Gans continues to contradict common social beliefs in Popular Culture and High Culture, in
which, remarks Richard Todd, the author argues that "American culture includes several
levels of taste--Gans calls them 'taste cultures'--and that any one of them is as good as
any other, because each serves the needs and wants of a particular public." Gans also
opposes policies which would urge that these "taste cultures" be improved and, as
Christopher Lehmann-Haupt summarizes, "instead encourages 'more culturalpluralism' by
means of 'subcultural programming' (or cultural programs that would appeal to groups that
are now excluded by mass culture, like the poor, the old, and the ethnic)."
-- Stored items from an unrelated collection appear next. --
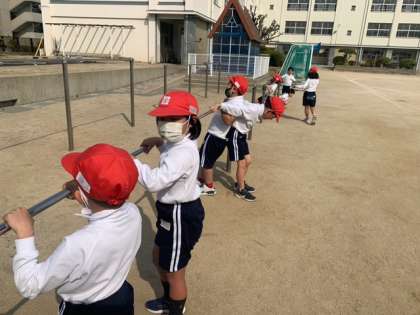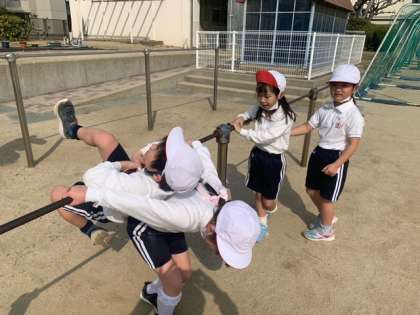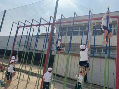 子どもたちは久しぶりの登り棒と鉄棒にチャレンジしました。鉄棒は逆上がりができた人が、できない人のサポートをしていました。学び合う子どもたちに拍手です!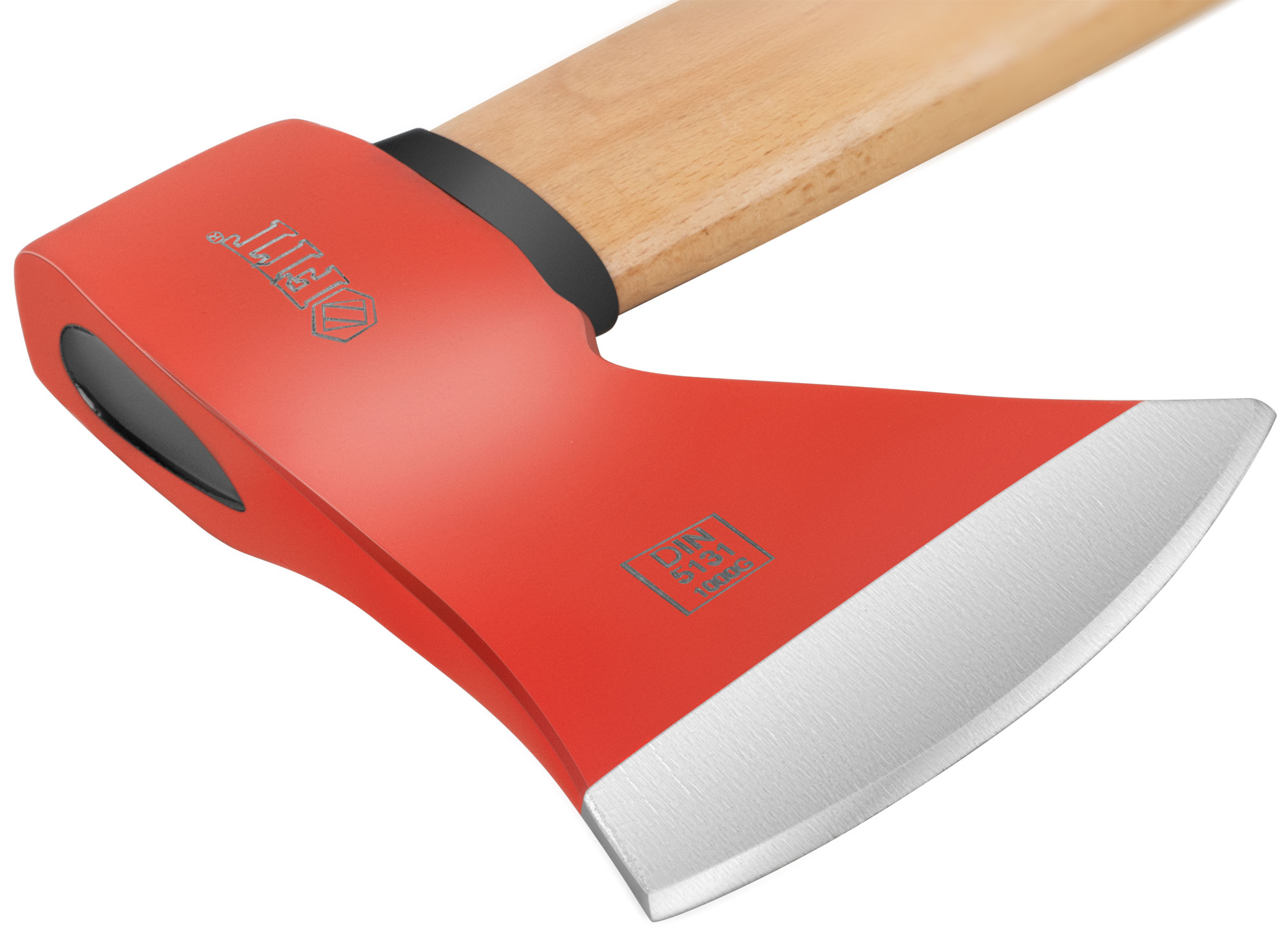 Преимущества топора включают его оптимальный вес в 1000 гр, что позволяет легко управляться с ним при различных операциях. Конструкция соответствует стандарту DIN 5131, что гарантирует надежность и качество.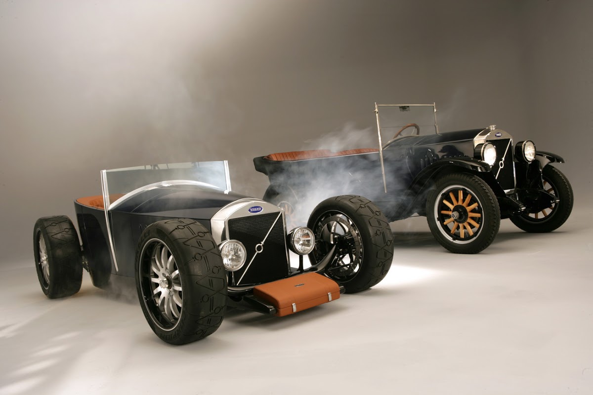 Parked side by side, the similarities between old and new are remarkable. The curvature of the bonnet has exactly the same radius. The characteristic windscreen attachment pillar that runs down the body side follows the original in detail as regards dimensions, materials and the number of screws used. Equally identical is the radiator grille with its characteristic mesh pattern and diagonal bar that incorporates the classic iron symbol. The body has been built by hand from raw aluminium panels that were bent into their final shape using a hammer and English wheel. Exactly as it was done in the prototype workshop back in the 1920s.

In Middle American Individualism: The Future of Liberal Democracy, Gans looks at the
political and social viewpoints of the middle and working classes. He finds that these people
are more interested in the well-being of their immediate circles--which Gans dubs
"microsocieties"--than of society as a whole, but contends that this does not mean they are
selfish. They want "an egalitarian, humane welfare state that takes care of their needs--low
taxes, full employment--as well as the needs of the poor," summarizes Alex Raksin in the
Los Angeles Times Book Review. Middle Americans' lack of interest in politics, Gans asserts,
is the fault of politicians; he recommends that elected officials add staff members to reach
out to disinterested or under-represented constituencies.
Gans turns his attention to the people at the bottom of the socioeconomic ladder in The
War Against the Poor: The Underclass and Anti-poverty Policy. He asserts that many of the
terms used to describe the poor-- including the term "underclass"--help the rest of society
maintain its detachment from the poor. These labels, according to Gans, also facilitate
blaming the poor for their condition and interfere with anti-poverty efforts. "Labels may
only be words," Gans writes, "but they are judgmental or normative words, which can steer
institutions and individuals to punitive action." He calls not only for an end to such labeling,
but also for numerous economic reforms aimed at combating poverty. Among the latter is a
shorter work week, designed to increase the number of available jobs.